Records supplied:
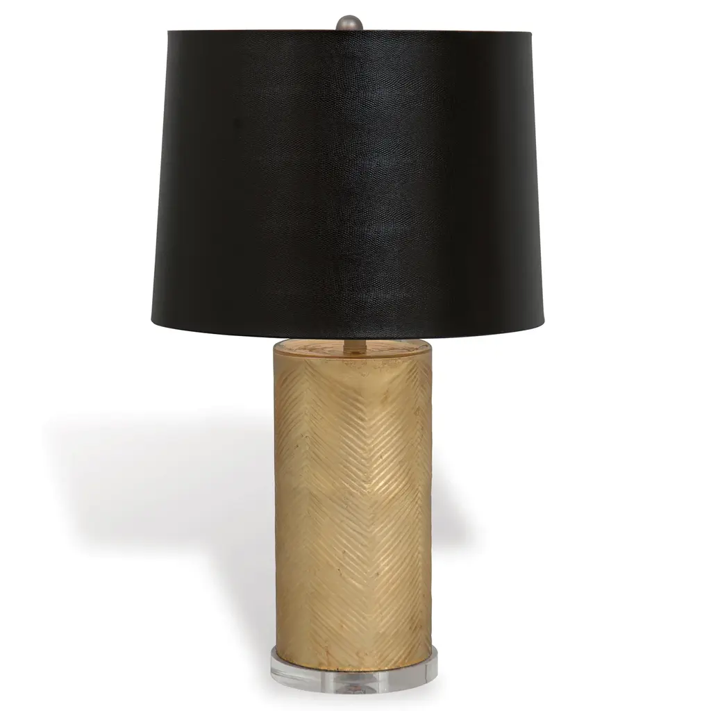 Brighten up any room in your home with this modern cylinder glass table lamp. In a vibrant gold leaf finish that evokes beautiful texture. Atop a round acrylic base and paired with an off-white or black lizard hardback shade. Designed by Port 68. 29" high overall. Shade is 15 1/2" across the top x 17" across the bottom x 12 1/2" on the slant. Uses one maximum 150 watt 3-way bulb (not included). Modern cylinder glass table lamp. Gold leaf finish. Round acrylic base. Off-white polyester or black lizard shade. Ships via UPS Free shipping in the U.S.
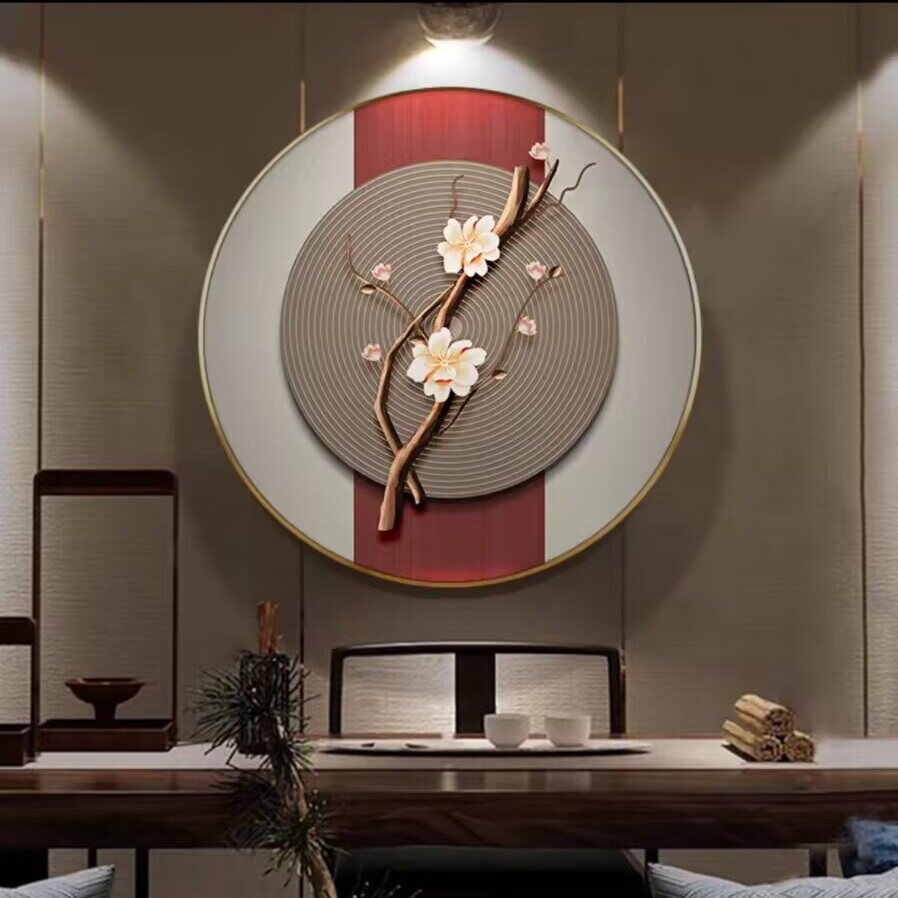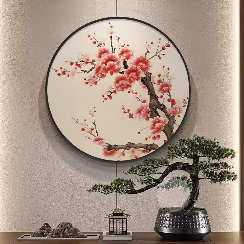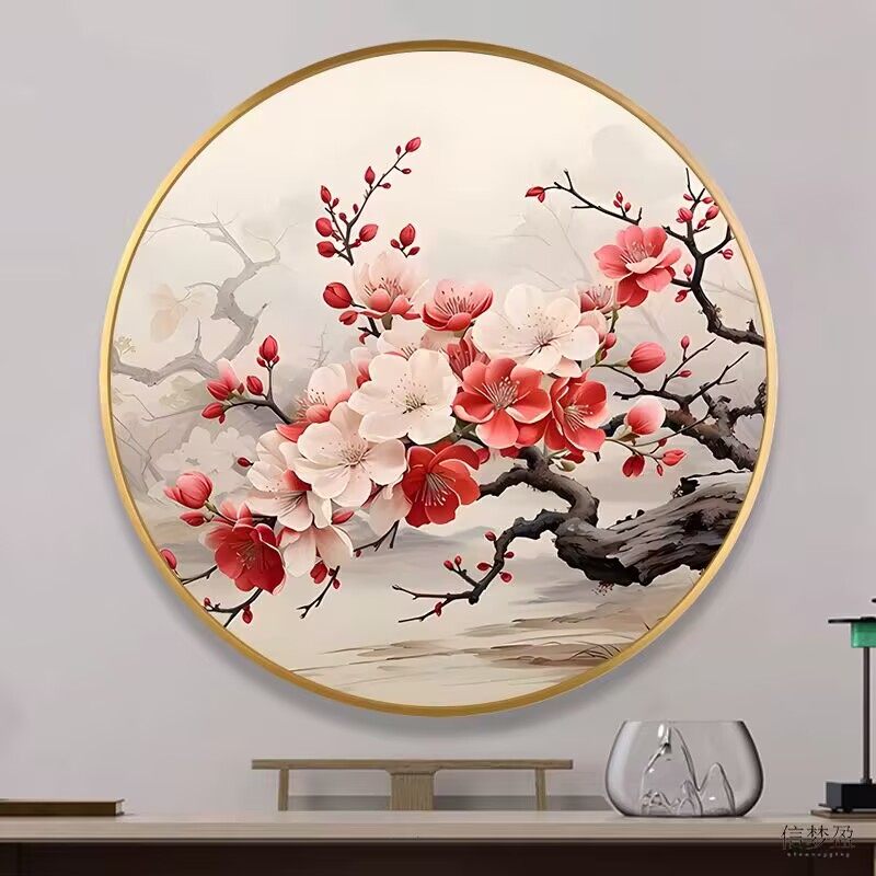 📚 梅花入户玄关装饰画古风茶楼包厢墙面艺术壁画新中式圆形餐厅挂画
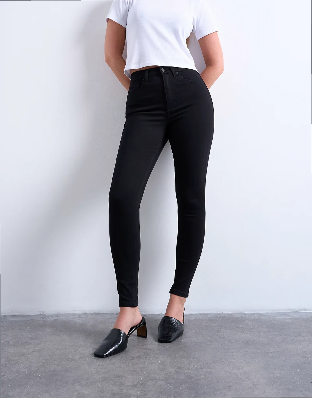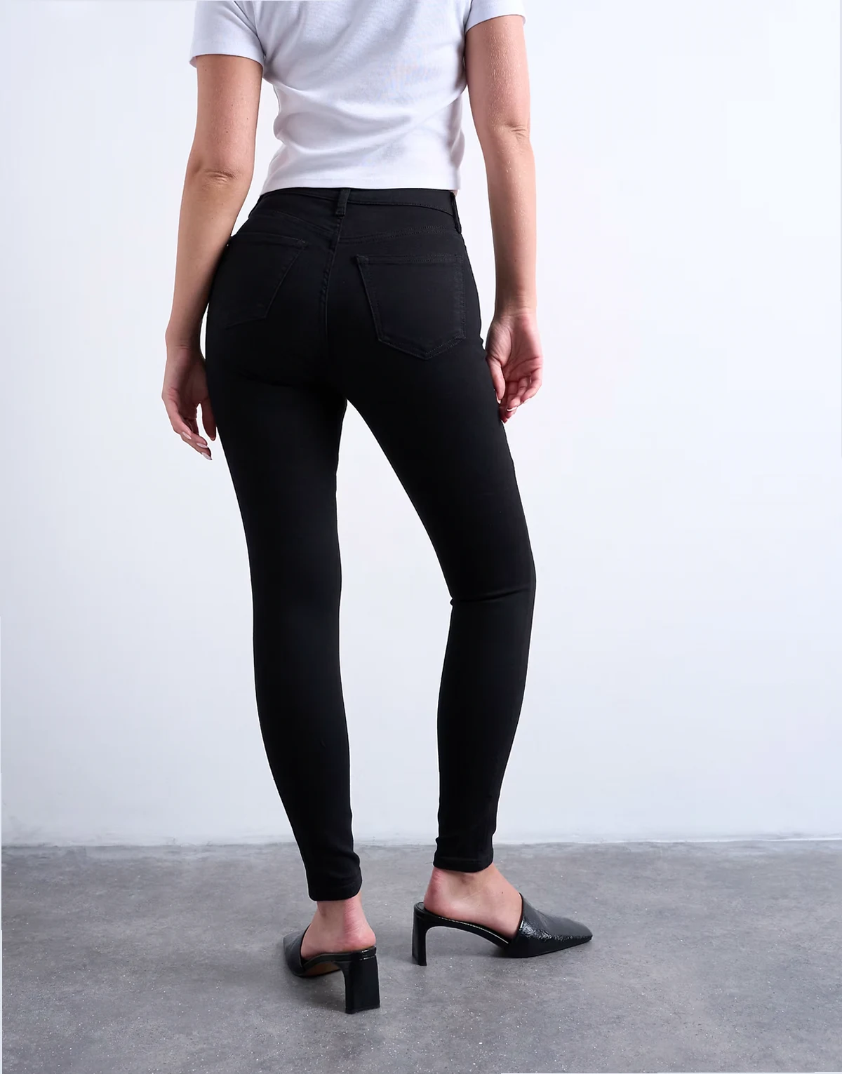 Diese Jamie-Jeans überzeugt mit hohem Bund, bequemer Passform an der Hüfte und schmal zulaufendem Bein bis zum Knöchel. Dieses Modell aus Power-Stretch-Denim in schwarzer Waschung ist mit Gürtelschlaufen, einem Reißverschluss und fünf funktionalen Taschen ausgestattet.
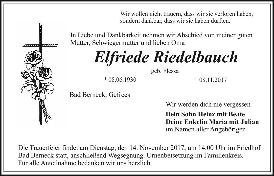 Die Trauerfeier findet am Dienstag, den 14. November 2017, um 14.00 Uhr im Friedhof Bad Berneck statt, anschließend Wegsegnung. Urnenbeisetzung im Familienkreis.
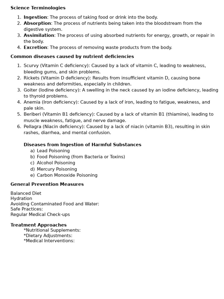 Common diseases caused by nutrient deficiencies
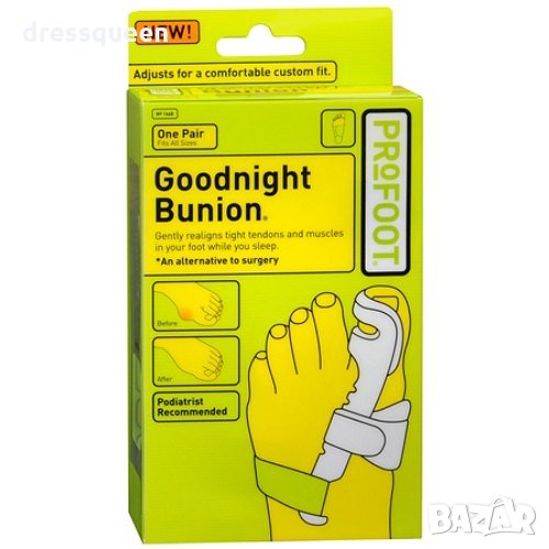 Goodnight bunion е удобен, безопасен и високо ефективен. Намалява напрежението в областта на големия пръст, което се създава от съществуващите позиционни промени в ежедневието на човек.
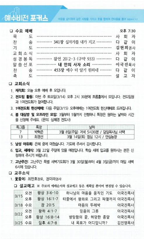 고난주간: 고난주간 특별 새벽기도회가 3월 30일(월)부터 4월 3일(금)까지 매일 새벽 6시에 있습니다.
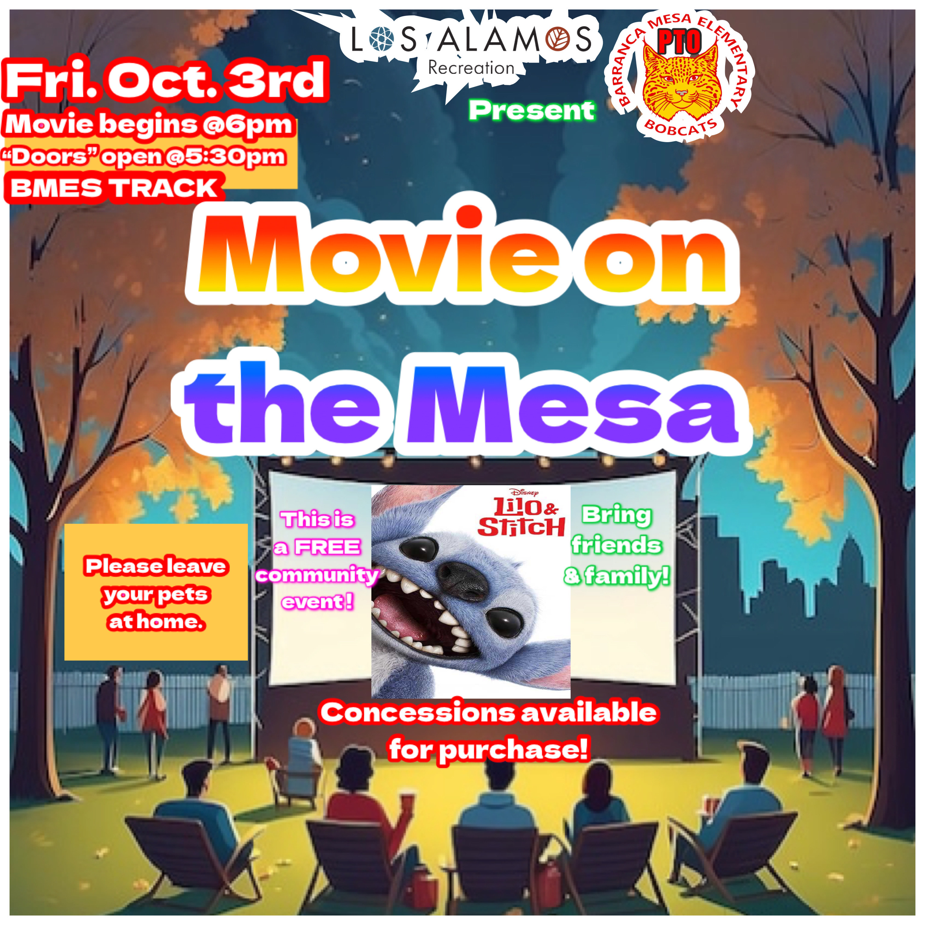 Los Alamos Recreation and Barranca Mesa PTO is once again teaming up to bring the community Movie on the Mesa—a free community event at 5:30 p.m., Friday, Oct. 3. This is a fun, family event to bring the community together
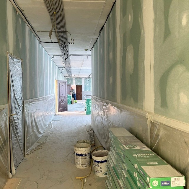 Работы ведутся без отставаний от графика. Произведена укладка напольного покрытия в рекреациях основного здания всех трех этажей. Продолжается отделка стен учебных кабинетов. Преображается фасад начальной школы.
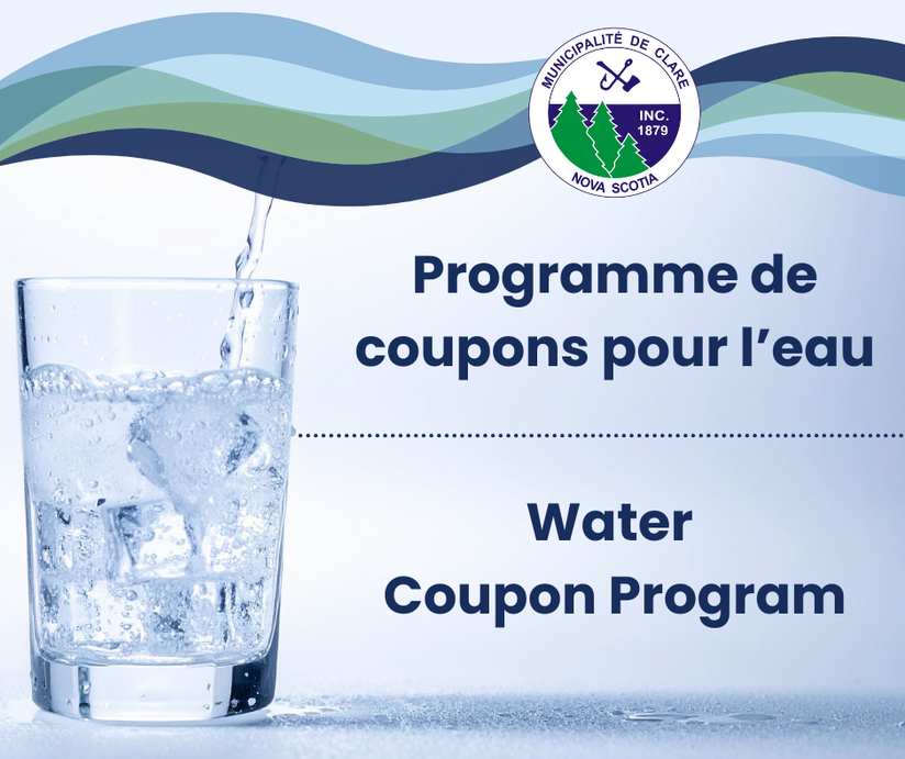 La Municipalité de Clare a le plaisir de lancer un nouveau programme de coupons pour l'eau afin d'aider les résidents à se procurer plus facilement de l'eau en bouteille.
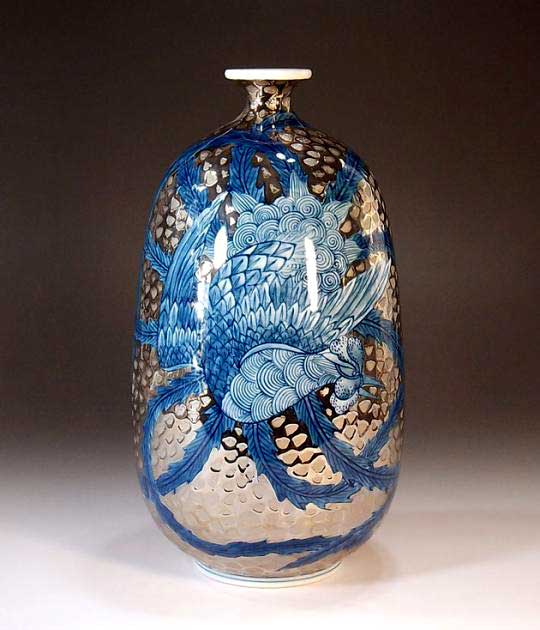 有田焼・伝統工芸・総手描き染錦プラチナ彩鳳凰絵飾り花瓶陶芸作家 藤井錦彩 作

Aim of the task:
Starting at the line containing "고난주간: 고난주간 특별" and stopping at the line containing "Los Alamos Recreation", output every line above exactly, both ends included, with pictures omitted.

Your response:
 고난주간: 고난주간 특별 새벽기도회가 3월 30일(월)부터 4월 3일(금)까지 매일 새벽 6시에 있습니다.
 Los Alamos Recreation and Barranca Mesa PTO is once again teaming up to bring the community Movie on the Mesa—a free community event at 5:30 p.m., Friday, Oct. 3. This is a fun, family event to bring the community together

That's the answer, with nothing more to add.